NM: "Actually, it is low. Approximately, 26%. :eek:

This is pretty low. I'd want to hear what they said about reasons for this (is the unit a stepping ground to ICU? it it burnout? is it the aforementioned culture?). On the plus side at least they were open about it. Better to know than to be told it's low and find out after the fact that there are major issues.

I) What heart dysrhythmias are Nurses presented with on this floor?

(Are we talking afib?) NM: Oh, no... V-tach, heart blocks, anything, and we run "Codes" too! (Three Nurses on the floor, and 'we' run codes, with the combined Nursing year's experience around 10 fingers.) :eek:

Well, it IS telemetry.

J) NM: The Nurses do narrative charting at the present, but a computer system is on

the way..to do Electronic Charting- Maybe by June." (Critical patients, and the Nurses are still doing narrative charting...no wonder the Nurses are unable to complete their Med- pass on time.)

That's a bummer.

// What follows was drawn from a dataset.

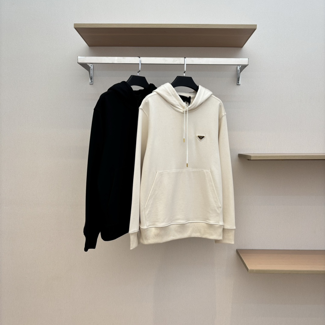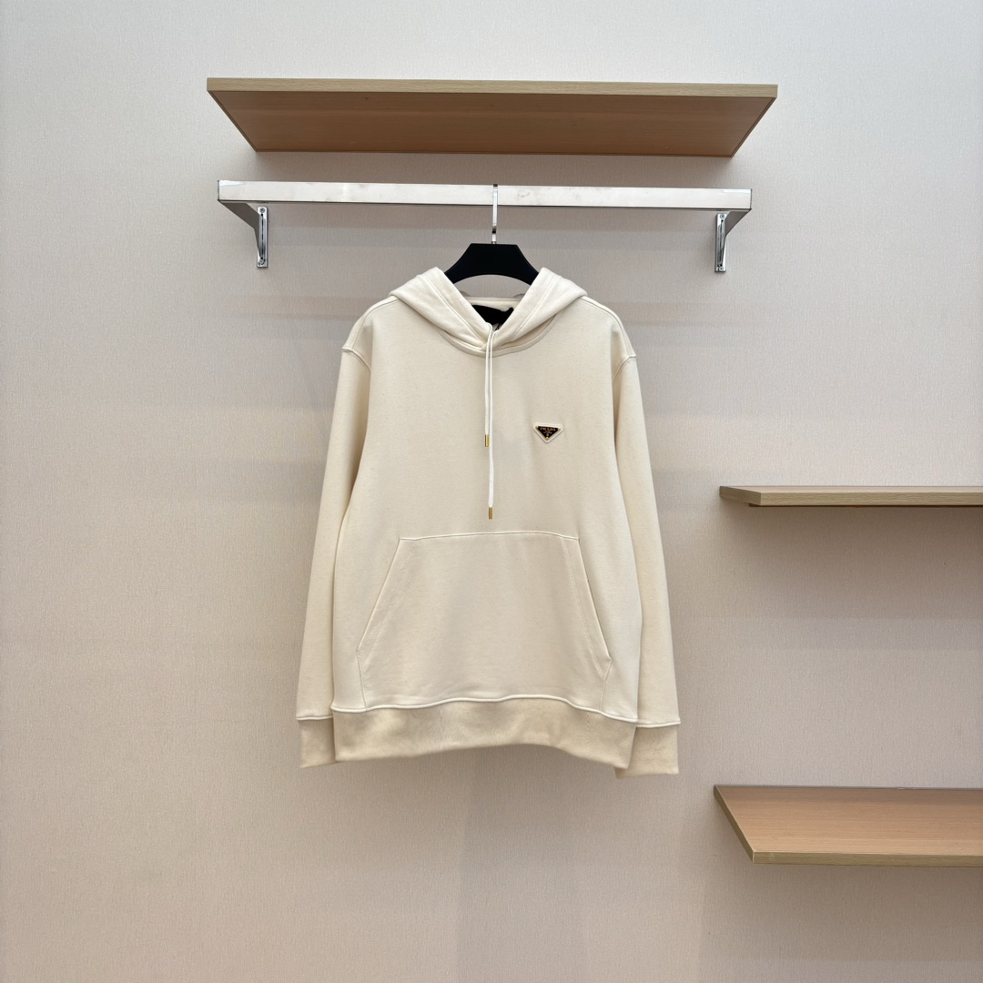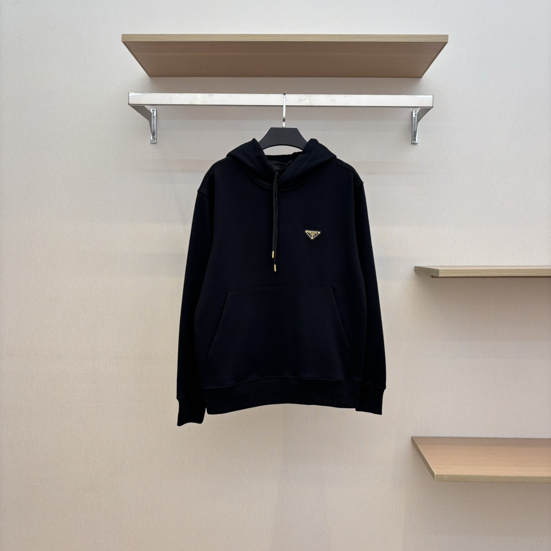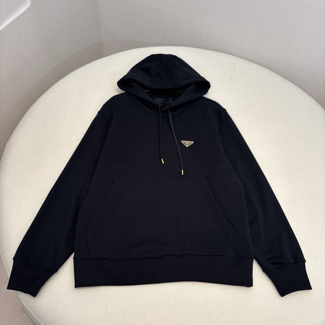 NIGO Prada Men's Spring and Autumn Solid Color Logo Triangle Label Hooded Loose Long Sleeve Sweatshirt #nigo74295

Paper charting sucks and is so time consuming compared to computer charting (at least ime).

K) The unit also has 16 rooms with double beds. Total census is kept around 16. This enables the patients to have a "private" room. That is nice, but the work ergonomics is destroyed. The nurse is forced to walk a great distance between the 4-5 assigned patients, not congruent with time management. Then, if another patient is admitted to an occupied room, the nurse has to deal with the fall out of a disgruntled patient ." I WANT A PRIVATE ROOM!"

Eh. That wouldn't be a dealbreaker for me. Patients get ****** about the darndest things sometimes.

NM: "Would you be interested in this position?" ME: I think I will pass... where is the elevator, I am really distraught right now. Where is my truck, I got to get out of here!

Definitely a few red flags there for me, but some of the things you seem to be worried about don't sound that horrible to me. The biggest concern I would have is with the retention rate and the lack of teamwork on day shift. And perhaps there are issues on the unit that could be an opportunity for an up and coming nurse to be involved in fixing. I do like that the NM was open about those problems, and seemed to have a sense of the culture of both shifts.

Oy, I just read the rest of the thread. People shouldn't code on telemetry floors? Ok. Why do they need to be on telemetry if they're not AT RISK FOR CODING? And you want to do ICU? What kind of patients do you think you'd have on an ICU?

I think you made the right decision turning down the job- I don't think you would have been a good fit.